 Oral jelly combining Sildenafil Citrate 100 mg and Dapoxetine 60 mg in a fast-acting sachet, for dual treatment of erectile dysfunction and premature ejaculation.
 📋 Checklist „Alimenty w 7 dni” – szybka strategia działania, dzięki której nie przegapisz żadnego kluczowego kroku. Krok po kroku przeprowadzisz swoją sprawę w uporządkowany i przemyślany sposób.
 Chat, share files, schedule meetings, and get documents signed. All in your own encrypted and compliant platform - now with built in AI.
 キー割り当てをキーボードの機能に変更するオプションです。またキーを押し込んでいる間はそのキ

==

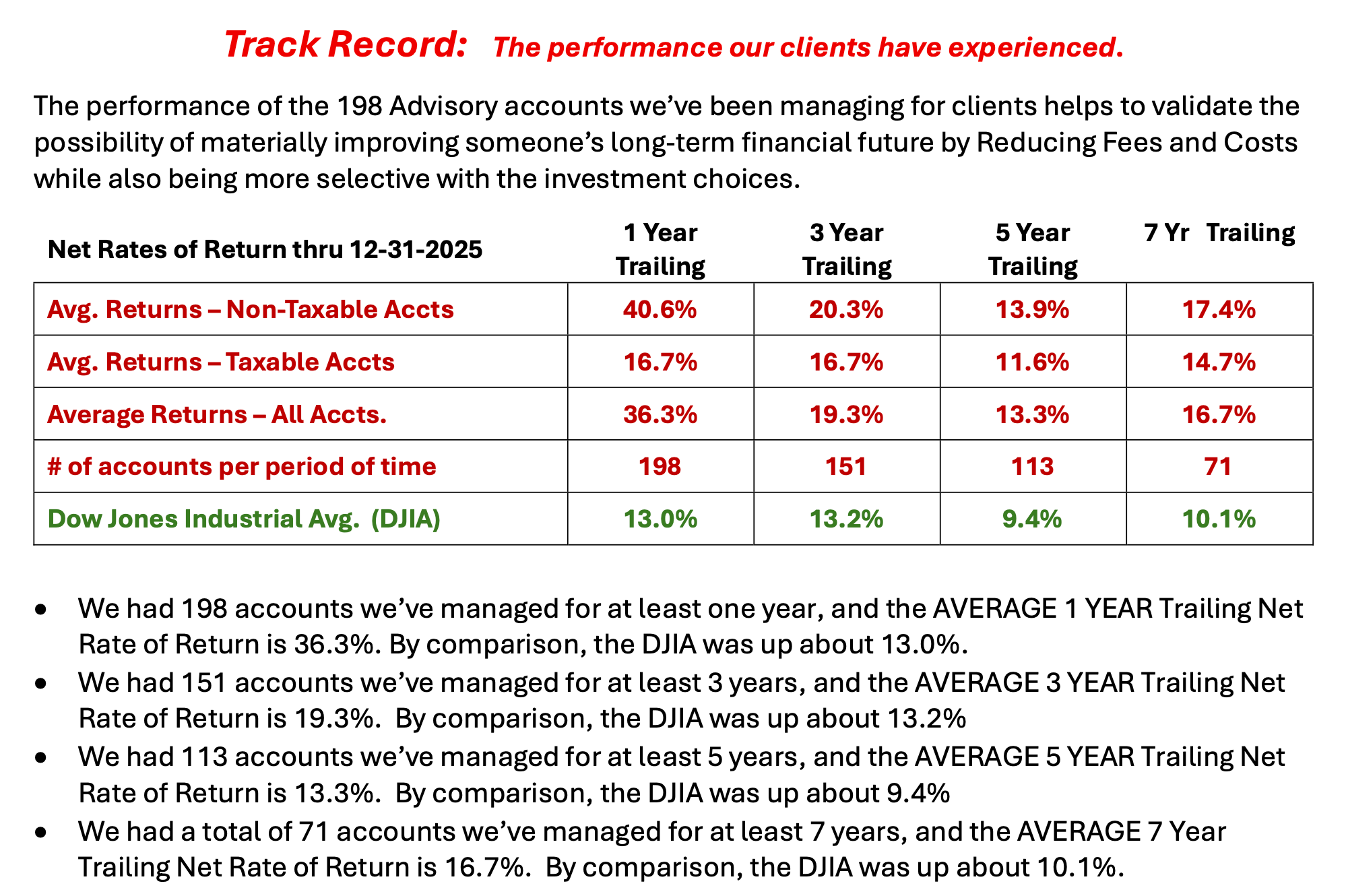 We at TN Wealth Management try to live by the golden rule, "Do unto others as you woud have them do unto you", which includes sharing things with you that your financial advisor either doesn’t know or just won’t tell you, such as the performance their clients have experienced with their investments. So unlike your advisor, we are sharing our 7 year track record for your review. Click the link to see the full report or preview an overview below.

# [What the task asks]
Would you please copy, word for word, everything above from the line containing "Oral jelly combining" down to the line containing "キー割り当てをキーボードの機", those two lines included?

# [Task response]
 Oral jelly combining Sildenafil Citrate 100 mg and Dapoxetine 60 mg in a fast-acting sachet, for dual treatment of erectile dysfunction and premature ejaculation.
 📋 Checklist „Alimenty w 7 dni” – szybka strategia działania, dzięki której nie przegapisz żadnego kluczowego kroku. Krok po kroku przeprowadzisz swoją sprawę w uporządkowany i przemyślany sposób.
 Chat, share files, schedule meetings, and get documents signed. All in your own encrypted and compliant platform - now with built in AI.
 キー割り当てをキーボードの機能に変更するオプションです。またキーを押し込んでいる間はそのキ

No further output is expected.